Currently, traders can export cotton duty-free after registering contracts with the Directorate General of Foreign Trade (DGFT) and there is no restriction on quantity of shipments.
India is the world’s second-largest cotton exporter as well as producer and China accounts for around 80% of its cotton exports.
The country has exported 10 million bales of cotton in the current year through September, compared with 12.9 million bales in the entire 2011-12.
The country expects to produce 34 million bales in 2012-13 from 35.2 million bales a year earlier. One bale equals 170 kilograms.
The ministry has also proposed that an inter-ministerial group (IMG), comprising representatives of the ministries of textiles, agriculture, commerce and finance, would review the cotton scenario periodically and make appropriate recommendations to change or scrap the export tax.
The Directorate General of Foreign Trade (DGFT) would be asked to keep a vigil on the pace and manner of cotton exports, it added.
The imposition of duty, the textile ministry said, would lead to higher revenue mop-up and also enhance “inclusiveness of the textile industry in the economic activity”.
While this decision may benefit the textile industry by keeping domestic supplies steady, traders are flaying such a move.
“We strongly oppose any move to tax exports. The problem is who will decide the quantum of surplus cotton available in a year and our apprehension is that such an exercise will lead to massive manipulation. Moreover, if the estimates of the cotton production change frequently, what would be the exportable surplus and how would traders plan their exports in such a case?” asked Dhiren Sheth, president, Cotton Association of India, the apex traders’ body.
Moreover, the biggest opposition to tax exports would come from the agriculture ministry, which has favoured a liberalised regime. The ministry feels any move to tax exports would lead to a reduction in returns for farmers.
The government officials said the ministries of finance and commerce are expected to back the proposal for an export duty whenever necessary. The finance ministry said the IMG would suggest the appropriate export duty from time to time.
Although there is already an enabling provision of an export duty of up to Rs 10,000 a tonne, any duty beyond this can be imposed only through a finance Bill.

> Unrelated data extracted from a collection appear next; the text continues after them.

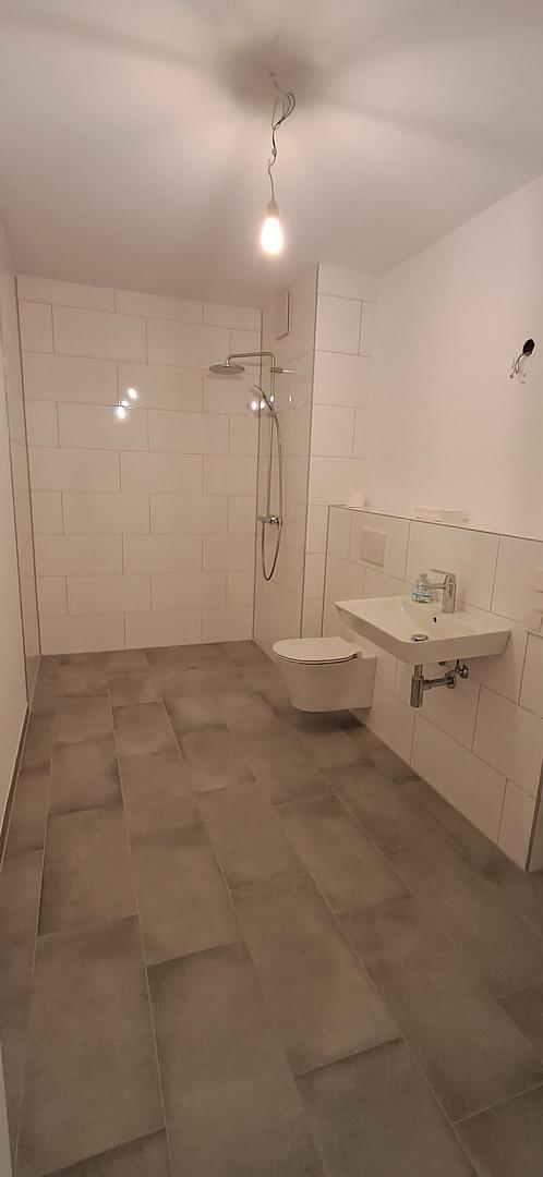 Moderne Sanitäreinrichtungen, ebenerdige Dusche, Handtuchheizkörper
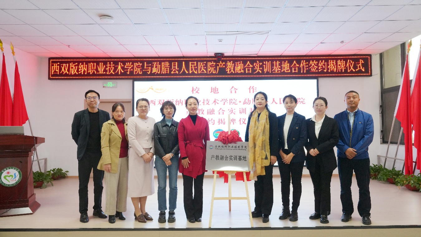 为积极响应国家健康中国战略,深化医教协同,服务地方发展,2025年12月26日,西双版纳职业技术学院与勐腊县人民医院举行产教融合实训基地合作签约暨揭牌仪式。学院党委委员、副院长毛卫红,医学院院长高婧娴、副院长彭志仙参加活动。
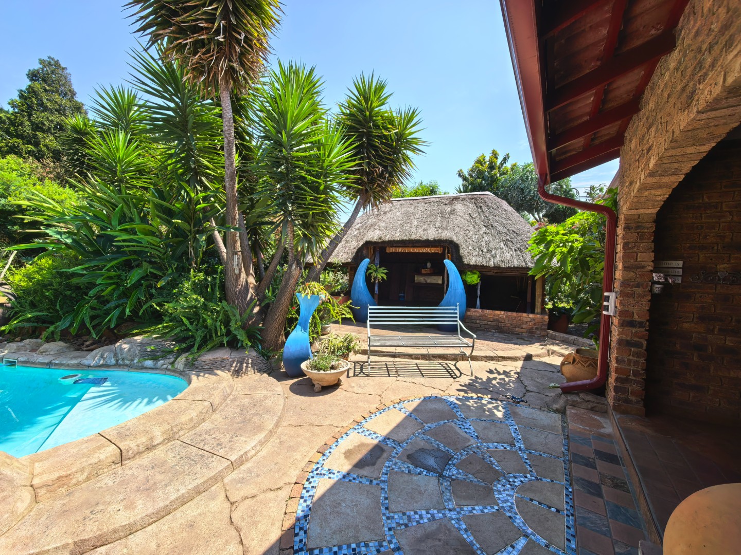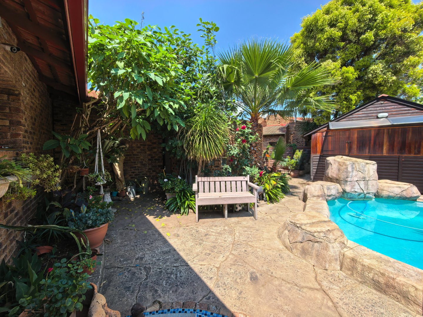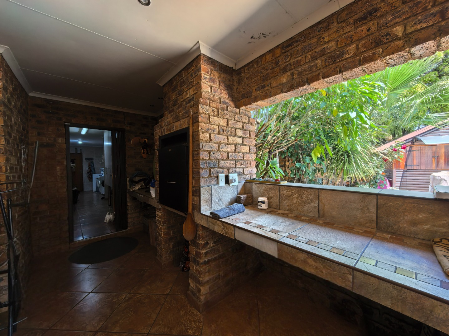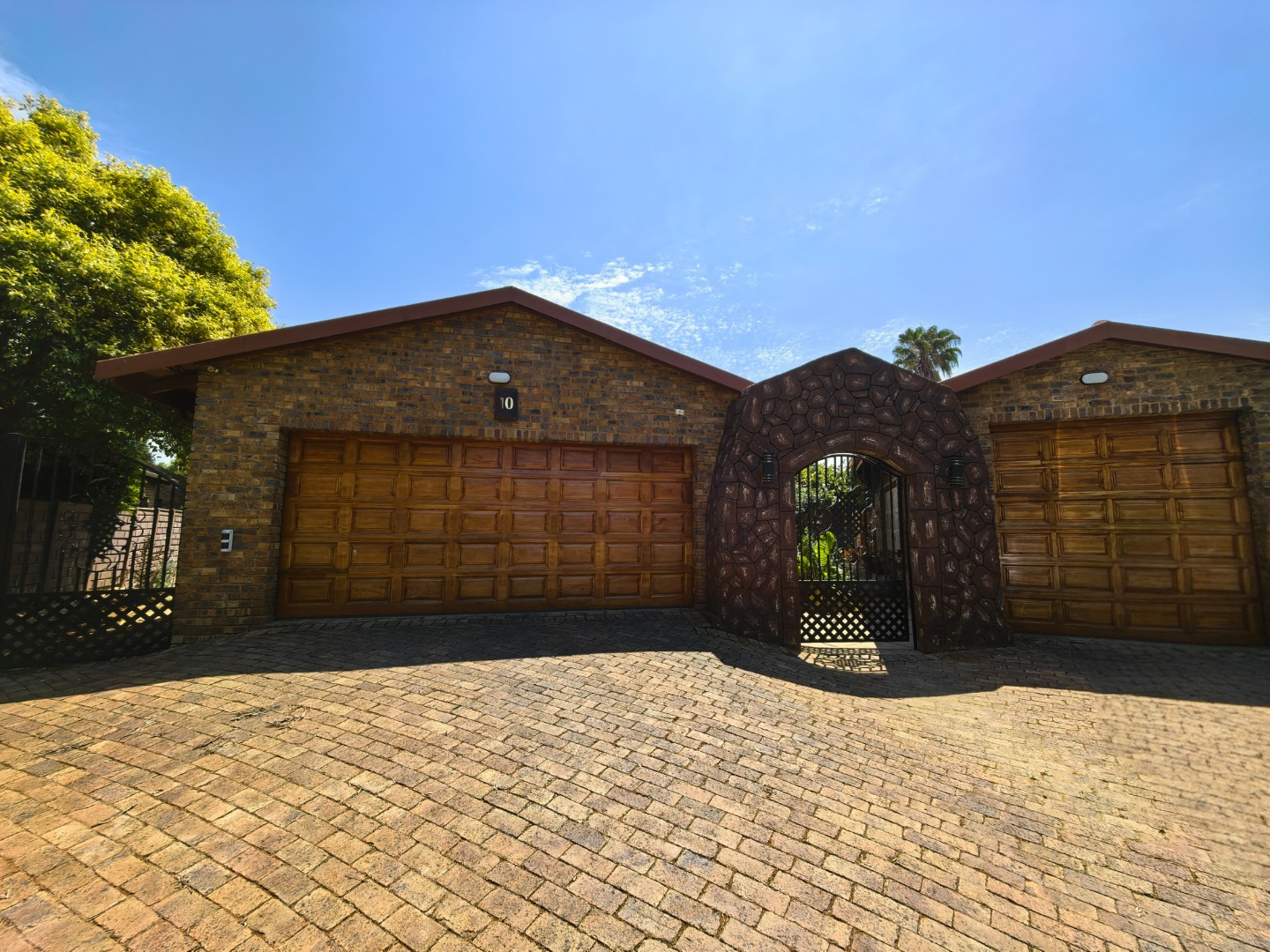 Outdoor living is equally captivating, centered around a sparkling swimming pool and a charming Lapa, perfect for sun-drenched relaxation. An inviting braai room with a built-in braai, sets the scene for memorable alfresco gatherings with a spacious guest toilet and change room. The meticulously landscaped garden, complete with two wendy houses, provides serene green spaces. Four automated garages and additional paved parking ensure ample accommodation for vehicles, and pets are warmly welcomed.
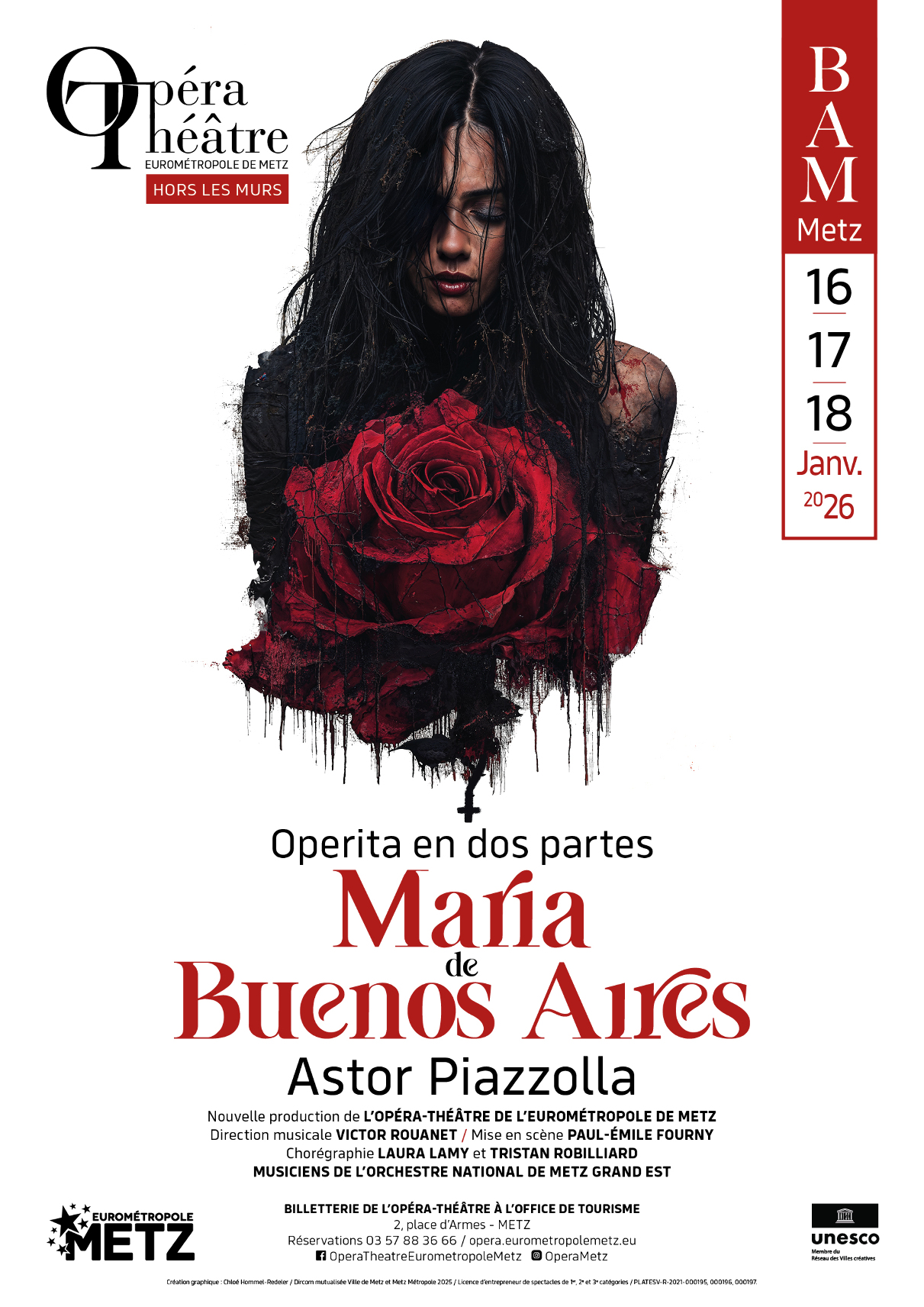 Maria, ouvrière dans une usine des faubourgs de Buenos Aires, devient une chanteuse à succès dans les cabarets de la ville. Créature de la nuit, elle mène une vie marginale et se livre avec ivresse à la danse et aux hommes. Elle meurt, tué par le bandonéon, avant que son Ombre ne revienne errer dans les rues. Nous assistons ensuite à la résurrection de Maria, donnant naissance à un enfant, symbolisant ainsi la renaissance du tango. Unique opéra d'Astor Piazzolla, cette oeuvre très populaire mêle tango, jazz, musique classique, chant, théâtre et danse.
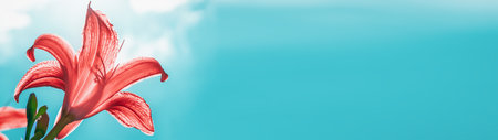Garden lily flower in backlit sun on a sky background banner panoramic.
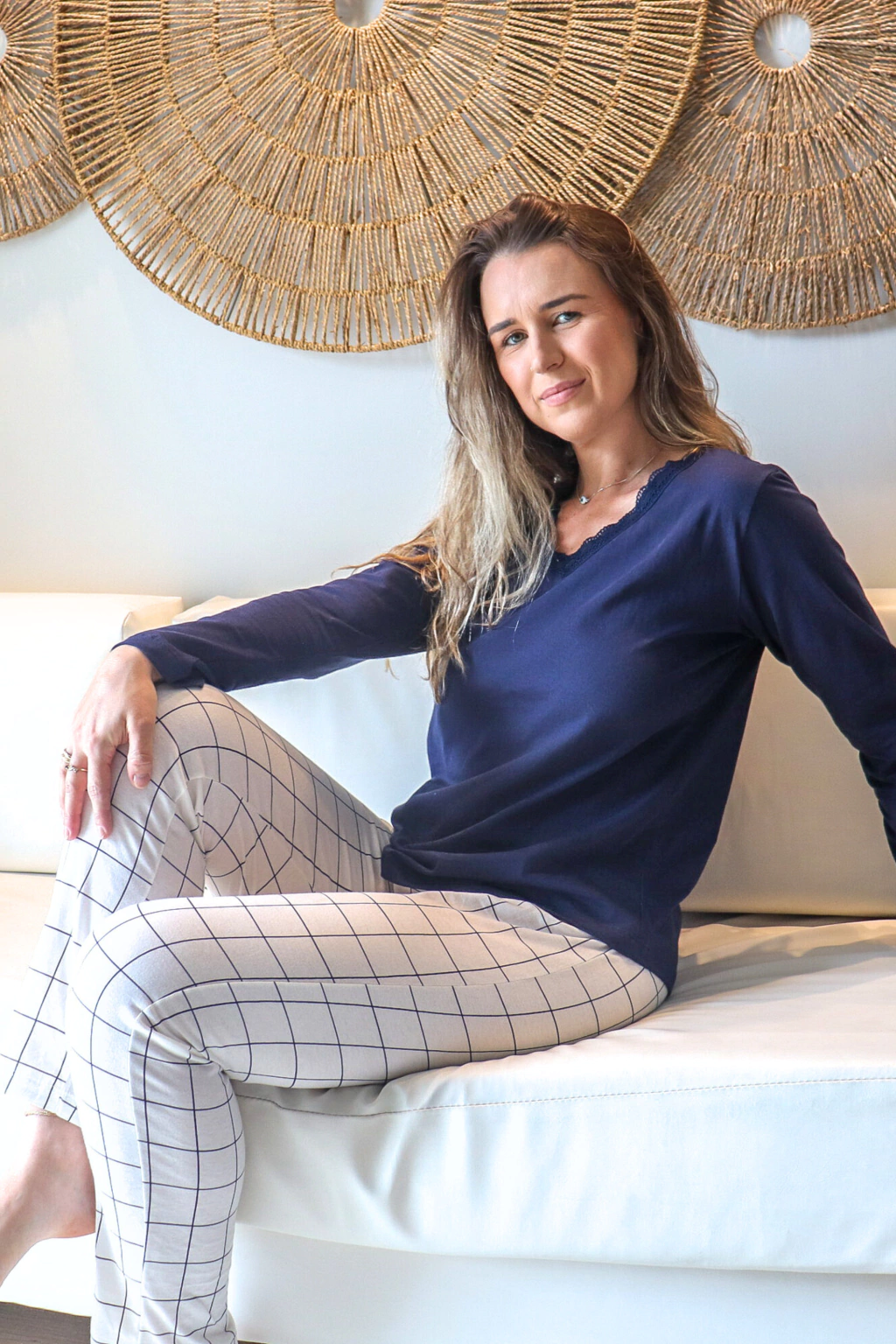 Feito em 100% algodão fio 30/1 penteado, proporciona um toque macio e respirável, perfeito para noites aconchegantes e momentos de relaxamento. A blusa de manga longa, com detalhe delicado em renda no decote, adiciona um toque de feminilidade e charme, enquanto a calça listrada em azul e branco segue a tendência clássica do Xadrez, trazendo elegância ao conjunto.
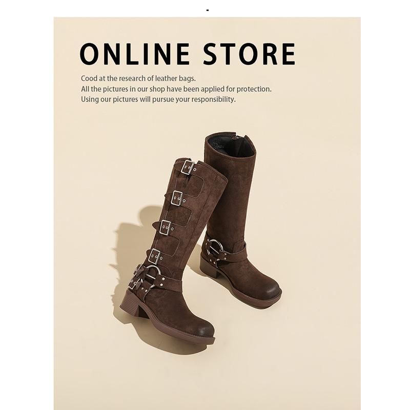 Замшевые Коровьи Анти-Замшевые Винтажные Рыцарские Сапоги Пряжка на Ремне Высокие, но до Колена Коричневые Сапоги в Стиле Вестерн Ковбойские 40 коричневый

For its part, the Planning Commission has suggested a 5-10% ad valorem export tax on the fibre instead of the 10% duty on exports beyond the surplus quantity and observed that determining the surplus quantity is “highly uncertain and liable to manipulation”, said one of the officials.
But the Prime Minister’ Economic Advisory Council suggested a minimum level of import and export duty of 10% on the fibre.
The cotton export policy sparked a heated debate in the last two years as the textiles and the agriculture ministries sparred over allowing more shipments to gain from a global shortage.
While the agriculture ministry pushed hard for allowing more exports, the textile ministry ? the nodal ministry for cotton distribution ? opposed any such move fearing spiralling of prices and an adverse impact on cash-hit textile mills.